Source data:

== == ==

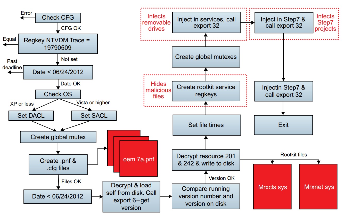هرچند stuxnet برای اولین بار در ژوئن 2009 مشاهده شد، تا تابستان 2010 که سازمان ICS-CERT درباره آن هشدار دهد، در مقابل آن مقابله جدید انجام نشده بود. این ویروس از چهار نوع حمله zero-day برای آلوده کردن و پخش شدن استفاده میکند. این ویروس ابتدا به دنبال برنامه های simatic WINCC و PCS7 که توسط شرکت simens توسعه پیدا کردهاند میگردد، سپس از مجوز اکانت پیش فرض sql برای سرایت کردن به plc های مرتبط با آن، به روش تزریق کد استفاده میکند. این تزریق کد از طریق پروتکل fieldbus شرکت simens انجام میگیرد. در مرحله بعد، stuxnet به دنبال ابزارهای اتوماسیون که وظیفه کنترل سرعت موتورها را دارند میگردد. اگر کنترلی پیدا شد که در محدوده 800-1200hz باشد، تلاش میکند تا خرابکاری انجام دهد.
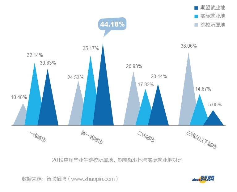 据智联招聘2019年大学生求职指南数据显示,2019应届毕业生期望就业地比例最高的依旧是“新一线”城市(如杭州、宁波、天津、南京等),占比为44.18%,同比上升4.00个百分点。一线城市吸引力也在上升,30.63%的受访大学生期望在一线城市就业,占比高于去年,不管顶着多大的生存压力,一线城市依然是年轻人追逐梦想的主要战场。结合实际签约的数据看,占比最高的也是“新一线”城市:如,占比35.17%,一线城市签约占比为32.14%,与期望结构一致。
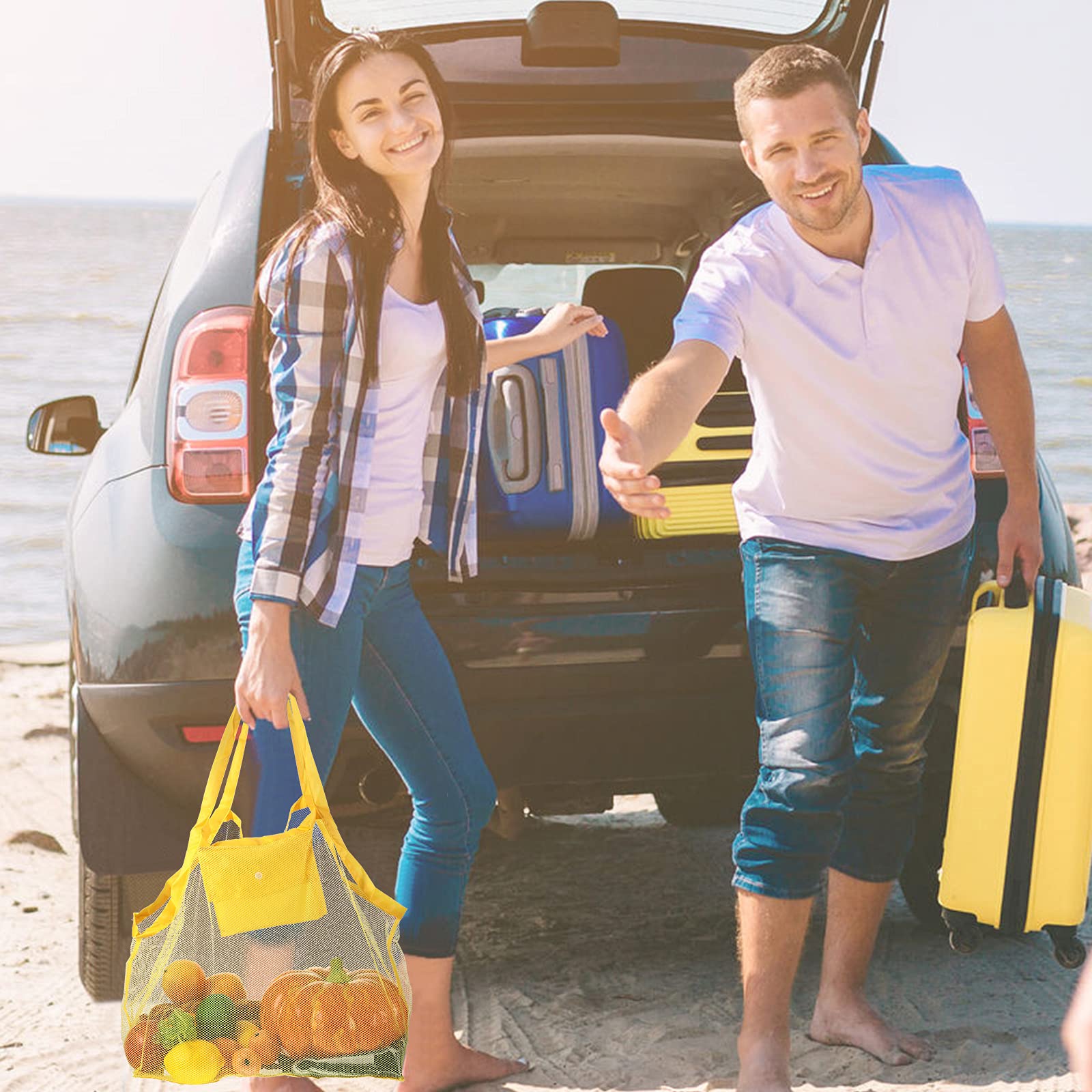 Frienda 6 Pieces Mesh Beach Tote Bag Portable Travel Mesh Bag Large Mesh Beach Bag Toy Organizer Storage Bag Away from Sand for
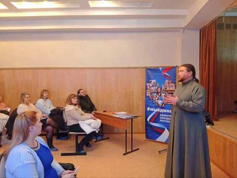 11 февраля 2026 года настоятель храма Всецарицы г.Димитровграда священник Петр Гурьянов принял участие в родительском собрании в УлГТУ, лицей № 16 имени Юрия Юрьевича Медведкова по выбору модуля комплексного курса "Основы религиозных культур и светской этики".
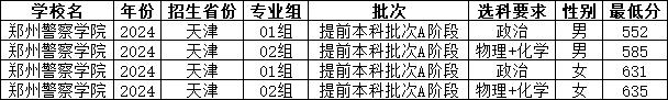 2024年郑州警察学院在天津招警校的分数范围在552分-635分之间,其中男生最低分为552分(01组);女生最低分为631分(01组)。
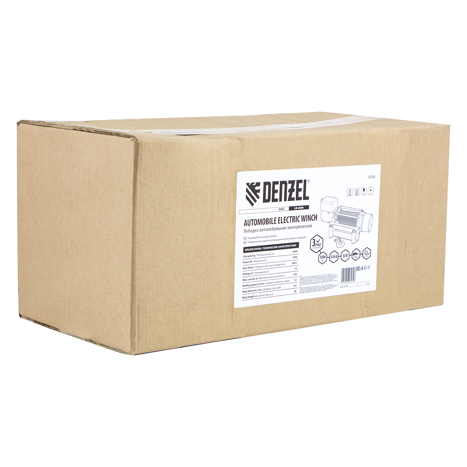 Лебедка автомобильная электрическая LB-4000, 4.5 т, 3.7 кВт, 12 В Denzel в Казани
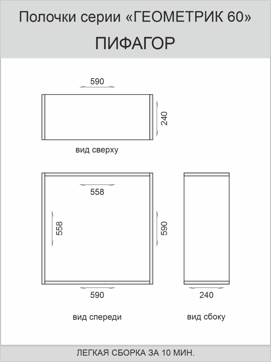 Полка Том Полкер Настенная Прямая "Геометрик 60 Пифагор", 59х59х24 см, 1 шт.
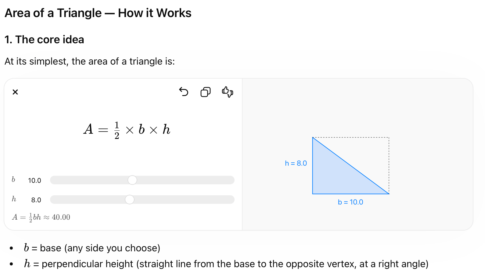 Last week I mentioned that ChatGPT was getting some interactive tools. Well it now seems that those are live. I asked it to explain the area of a Triangle and a very basic interactive widget appeared. You can control the base and the perpendicular height using the sliders. It could be useful for some live modelling where static images just do not quite do it. Unfortunately, I cannot add videos directly into these, but you can see an image of what this looks like below.
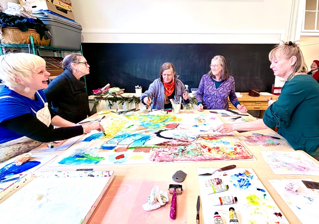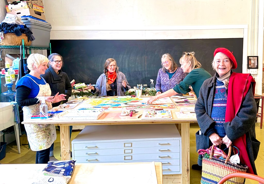 After a year or rebuilding after Helene flooded Marshall every week brings more and more community activities of one kind or another to Marshall. The Marshall Highschool Studios with all of the first floor flooded and people moving out of studios a year ago is now completely occupied. Today Susie called me over for the short walk to see what a small class of women learning to do cold wax drawing and painting had produced. They were having a great time, talking as they explored the new medium and eating snacks. It was fun to be in their presence.
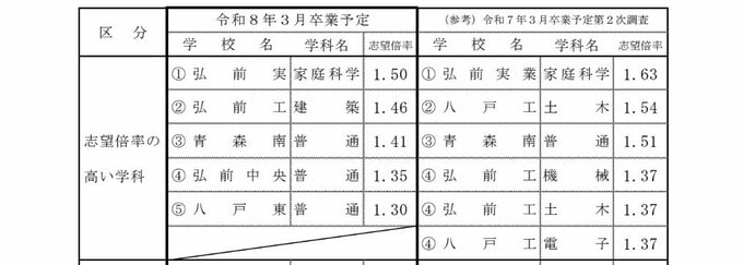 倍率がもっとも高いのは弘前実業高校・家庭科学科の1.50倍で、次いで弘前工業高校・建築科の1.46倍、青森南高校・普通科の1.41倍です。

== == ==

[EXERCISE] Repeat exactly the lines above, beginning at the one containing "11 февраля 2026" and ending at the one containing "Last week I". Do not carry over any pictures.

[WRITTEN ANSWER]
 11 февраля 2026 года настоятель храма Всецарицы г.Димитровграда священник Петр Гурьянов принял участие в родительском собрании в УлГТУ, лицей № 16 имени Юрия Юрьевича Медведкова по выбору модуля комплексного курса "Основы религиозных культур и светской этики".
 2024年郑州警察学院在天津招警校的分数范围在552分-635分之间,其中男生最低分为552分(01组);女生最低分为631分(01组)。
 Лебедка автомобильная электрическая LB-4000, 4.5 т, 3.7 кВт, 12 В Denzel в Казани
 Полка Том Полкер Настенная Прямая "Геометрик 60 Пифагор", 59х59х24 см, 1 шт.
 Last week I mentioned that ChatGPT was getting some interactive tools. Well it now seems that those are live. I asked it to explain the area of a Triangle and a very basic interactive widget appeared. You can control the base and the perpendicular height using the sliders. It could be useful for some live modelling where static images just do not quite do it. Unfortunately, I cannot add videos directly into these, but you can see an image of what this looks like below.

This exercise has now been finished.